Experimental program
Comparison scheme
Effect test

Embodiment 1

[0258] Example 1: Cloning and expression of TNF antibody in mammalian cells .

[0259] A typical mammalian expression vector contains at least one promoter element that mediates transcriptional initiation of the mRNA and antibody coding sequences, as well as signals required for transcriptional termination and polyadenylation of the transcript. Additional elements include enhancers, Kozak sequences, and intervening sequences flanked by donor and acceptor sites for RNA splicing. Efficient transcription can be achieved using the following sequences: early and late promoters from SV40, long terminal repeats (LTRS) from retroviruses such as RSV, HTLVI, HIVI, and early Promoter. However, cellular elements (such as the human actin promoter) can also be used. Suitable expression vectors for use in practicing the invention include, for example, vectors such as pIRES1neo, pRetro-Off, pRetro-On, PLXSN or pLNCX (ClonetechLabs, Palo Alto, CA), pcDNA3.1(+ / -), pcDNA / Zeo(+ / -) or pcDNA3.1 / ...

Embodiment 2

[0268] Example 2: Production of high-affinity human IgG monoclonal antibodies reactive with human TNF using transgenic mice .

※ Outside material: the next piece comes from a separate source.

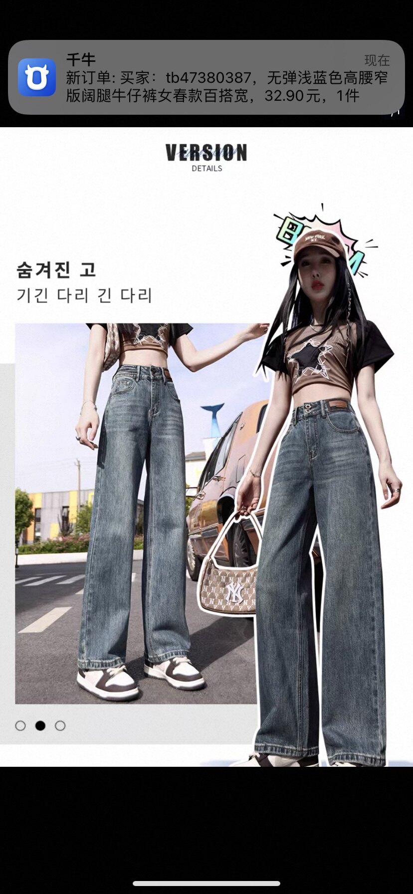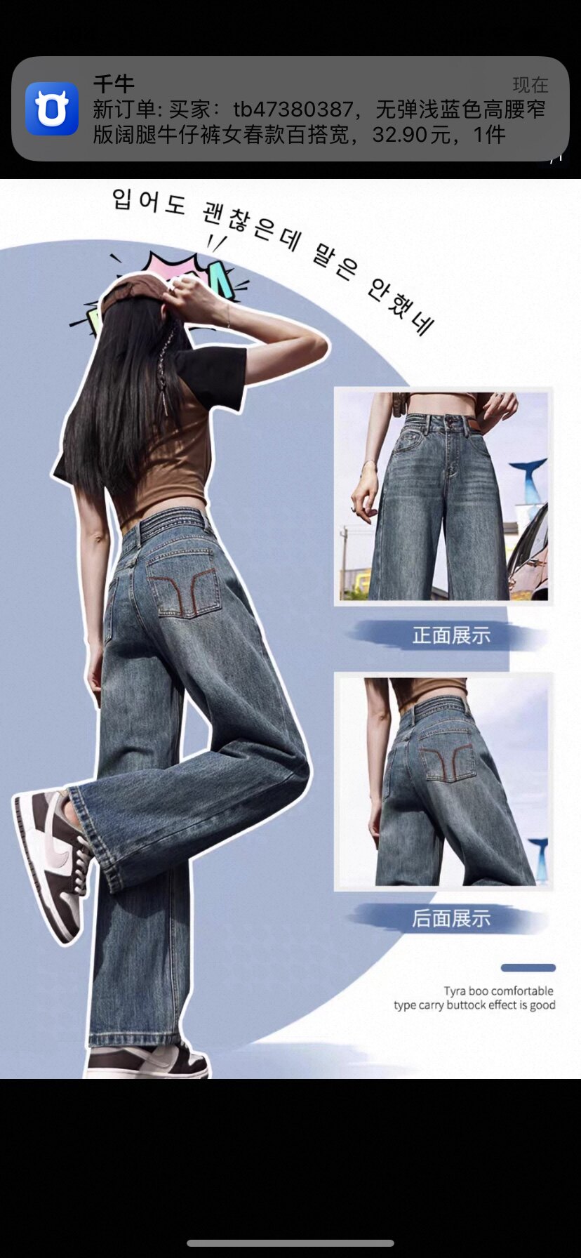 高腰直筒牛仔裤女宽松阔腿2026年春季新款提臀设计感拖地裤子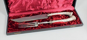 Jagd / Tranchierbesteck um 1900/10, Silber 800/000, ausgefallene Griffe in Geweihstruktur, L = 29,0 u. 32,0 cm, mit Originalschatulle

[0269] Summarize. Transgenic mice containing human heavy and light chain immunoglobulin genes have been used to generate high-affinity, fully human monoclonal antibodies that can be used therapeutically to inhibit TNF in the treatment of one or more TNF-mediated effect of the disease. (CBA / J x C57 / BL6 / J)F containing human variable and constant region antibody transgenes for heavy and light chains 2 Hybrid mice were immunized with human recombinant TNF (Taylor et al., Intl. Immunol. 6:579-591 (1993); Lonberg et al., Nature 368:856-859 (1994); Neuberger, M., Nature Biotech. 14:826 (1996); Fishwild et al., Nature Biotechnology 14:845-851 (1996)). Several fusions produced one or more panels of fully human TNF-reactive IgG monoclonal antibodies. The fully human anti-TNF antibody was further characterized. All were IgG1κ. Such antibodies were found ...

Embodiment 3

[0290] Example 3: Production of Human IgG Monoclonal Antibodies Reactive to Human TNFα .

[0291] Summarize. (CBA / J x C57BL / 6J)F containing human variable and constant region antibody transgenes of heavy and light chains 2Hybrid mice (1-4) were immunized with recombinant human TNFα. One fusion, designated GenTNV, produced eight fully human IgG1κ monoclonal antibodies that bind to immobilized recombinant human TNFα. Shortly after identification, the eight cell lines were handed over to the Institute of Molecular Biology for further characterization. Because these Mabs are fully human in sequence, they are expected to be less immunogenic in humans than cA2(Remigram).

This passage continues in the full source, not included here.